Last Updated September 23, 2020 1:31 PM
W. E. Messamore
Last Updated September 23, 2020 1:31 PM
  • Wall Street analysts expect corporate earnings for S&P 500 companies to decline for the fourth straight quarter once all the reports are filed.
  • An economist writing for CNN Business says, “That’s not exactly a recipe for stocks to rise.” He warns Wall Street bulls have overbought stocks.
  • A financial analyst for a Chicago hedge fund says clients are asking: “How long can this last?” and “Is a recession coming?”

An earnings recession is two back-to-back quarters of year-over-year declining corporate earnings. A streak of corporate earnings declines preceded the Great Recession .

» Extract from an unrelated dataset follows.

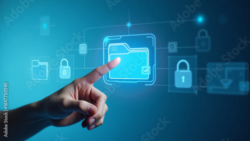 A hand touches a glowing blue digital folder icon, surrounded by connected security symbols (locks, etc.) on a blue background, representing data access/security.

It deepened dramatically after the GDP recession started. But even then falling earnings relative to GDP weren’t so sustained and consistent as they were in 2019.

Wall Street analysts expect corporate earnings to decline again for the fourth quarter of 2019 . That means S&P 500 companies have been in a recession for a year now:

For Q4 2019, the blended earnings decline for the S&P 500 is -2.1%. If -2.1% is the actual decline for the quarter, it will mark the first time the index has reported four straight quarters of year-over-year earnings declines since Q3 2015 through Q2 2016.

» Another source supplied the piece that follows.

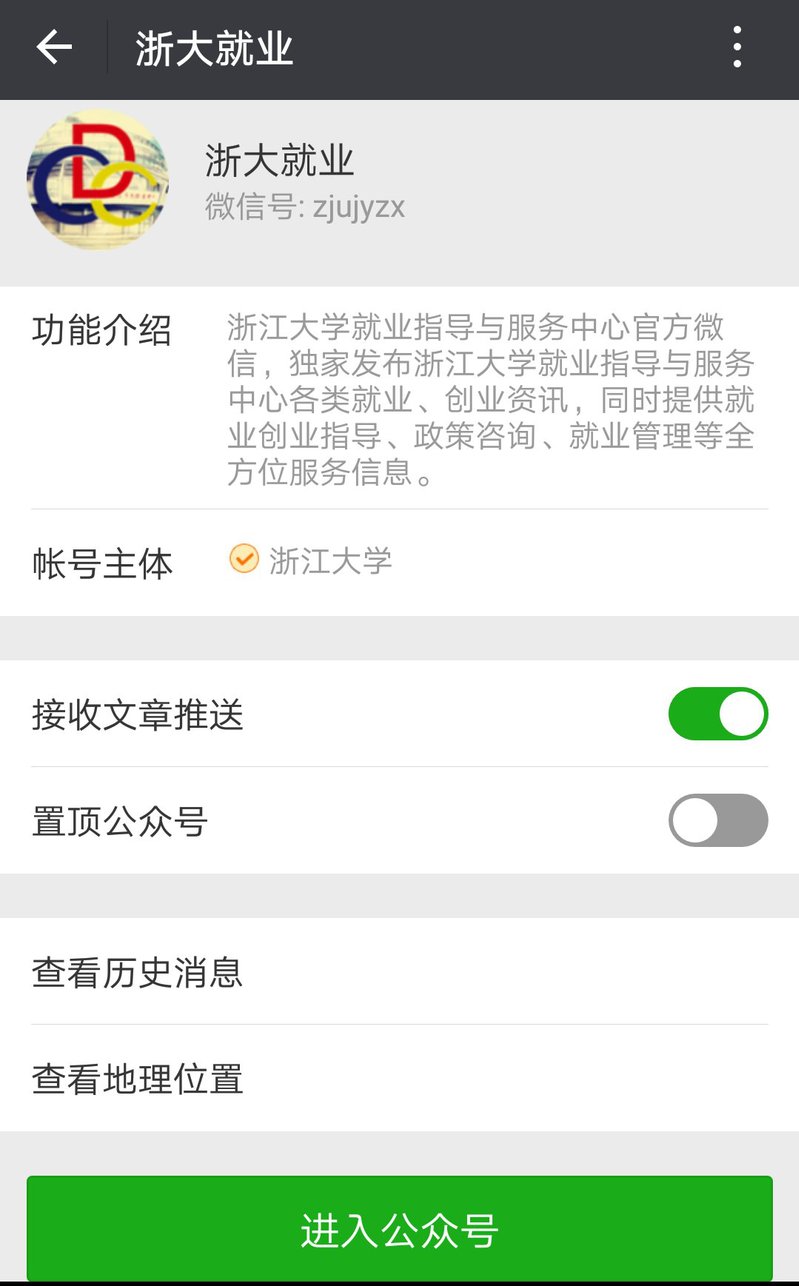 搜索名称“浙大就业”或微信号“zjujyzx”,即可关注。该微信公众号是浙江大学就业指导与服务中心官方微信,独家发布浙江大学就业指导与服务中心各类就业、创业资讯,同时提供就业创业指导、政策咨询、就业管理等全方位服务信息。里面除了各类实习、就业的信息及时发布外,还有实用的版块有“生涯规划”、“职无不言”、“办事指南”。其中办事指南包括“就业手续”和“用人单位办事指南”,这些都是同学们常问到常用到的热点信息。请大家积极关注!

But the stock market is shrugging it off.

Stocks ‘Eerily Calm’

The bulls are unfazed by this earnings drought. David Goldman, an American economist and regular CNBC guest, says stocks are “eerily calm.” 

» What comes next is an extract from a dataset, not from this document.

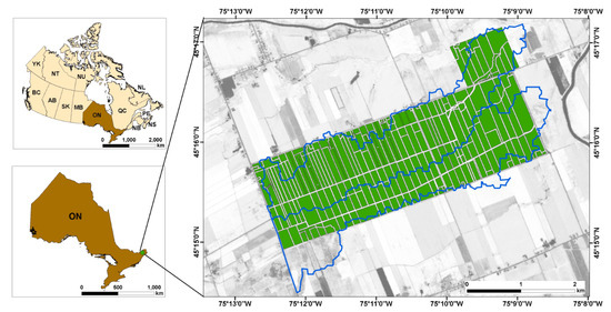 The study was conducted on a tile-drained experimental watershed in eastern Ontario, Canada (45.26 N, 75.18 W; Figure 1). Corn (Zea mays L.) and soybean (Glycine max L.) are the two dominant crops in this region of Canada and in 2016, Ontario accounted for ~60% of national grain corn acreage and ~50% of national soybean acreage [20,21]. Corn and soybean are the two primary livestock and cash crops grown in the experimental watersheds. These crops are typically planted in May and harvested in September to October. In the study area, both crops were planted at the same time every year. Crop row spacing was around 50 cm for soybean and 60 cm for corn. Soybean and corn plant densities were generally 354,000 and 64,200 plants/ha, respectively. Fall moldboard plowing and spring cultivation using chisel-style implements were the main tillage practices employed on the site. Fertilizer generally consisted of the broadcast application of granular urea prior to planting and a granular starter application. Fertilizer rates were generally ~170 kg N/ha for corn and ~3 kg N/ha for soybean, depending on soil and crop requirements. More details about the study area and agriculture practices—including tiling systems—are described by Sunohara et al. [22].

As earnings continued to dry up through the third quarter , the stock market pushed to new records. But Goldman warns “stocks may be due for a letdown soon.”

He cites an investor note from Craig Johnson, chief market technician at Piper Sandler:

Stocks are overbought by a wide margin… Compared with historical price-to-earnings ratios, stocks are more expensive than at any point in the past 12 months.

Johnson advises clients to “wait on the sidelines until stocks fall again.”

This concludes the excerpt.